How do the foreign business people blend in?
Many don’t necessarily have a particular interest in China outside of business. A lot of them bring families, and there are areas of Beijing where they all live and all the signs are in English, and there are strip malls and single-family housing. There are Chinese people who live there as well, but it’s kind of like suburbia.

What type of place do you live in?
I currently live in what would be considered Chinese middle-class or upper middle-class housing, which is a giant apartment complex that has a shower, a bathroom and a bedroom, with air conditioning and heating. In the past, I lived in what is called a hutong, which is like the buildings in Chinese movies such as Crouching Tiger Hidden Dragon – where people are jumping around on the roofs. A lot of them have been knocked down, but many are still there. They have a lot more personality than the newer housing, but they also have shared bathrooms and generally no showers.

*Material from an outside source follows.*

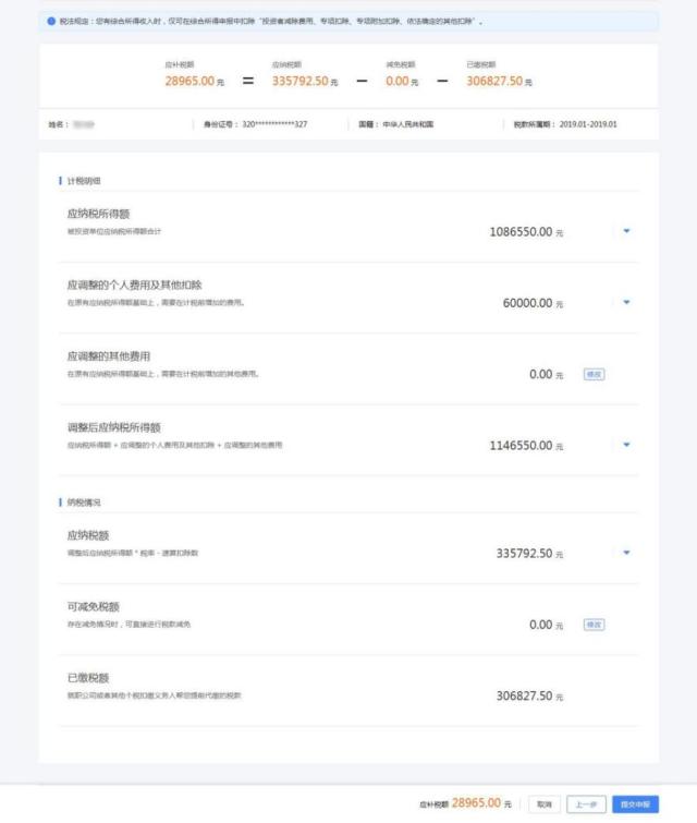 【应补/退税额】:由计算公式计算而得,不可修改。

What is the social scene like in China?
China tends to be a place where the elderly in particular are very social. Especially in the evenings, the older members of the community will generally be out in the neighborhood park talking, and in the morning doing Tai Chi. Foreigners are a new subject material. I think just about anywhere you go in China there will be someone who will come up to you, maybe a student or a businessman, who will say in English, “Would you like to have a chat?” or they’ll ask where you’re from or what you do.

Do you go to Starbucks?
Sometimes. When I was working at a Chinese magazine, occasionally when we were meeting foreign business people or foreign diplomats we would meet in a Starbucks, and every once in a while there would be a famous Chinese movie star in there. It’s really expensive – for those prices you can feed a family at a pretty nice Chinese restaurant.

So it’s a status symbol.
I think China has a pretty status-oriented culture, similar to that of the U.S. Chinese people like to be in a place that’s considered to be cool and are willing to pay for it, and they’re willing to pay for brand names. They like to have the best stuff, the best cars. It’s the second largest car market, just over Japan.

What’s the thing you miss the most from the United States?
Mint chocolate chip ice cream. You can’t get it at the store. Though there is a Baskin Robbins, and sometimes mint chocolate chip will revolve through.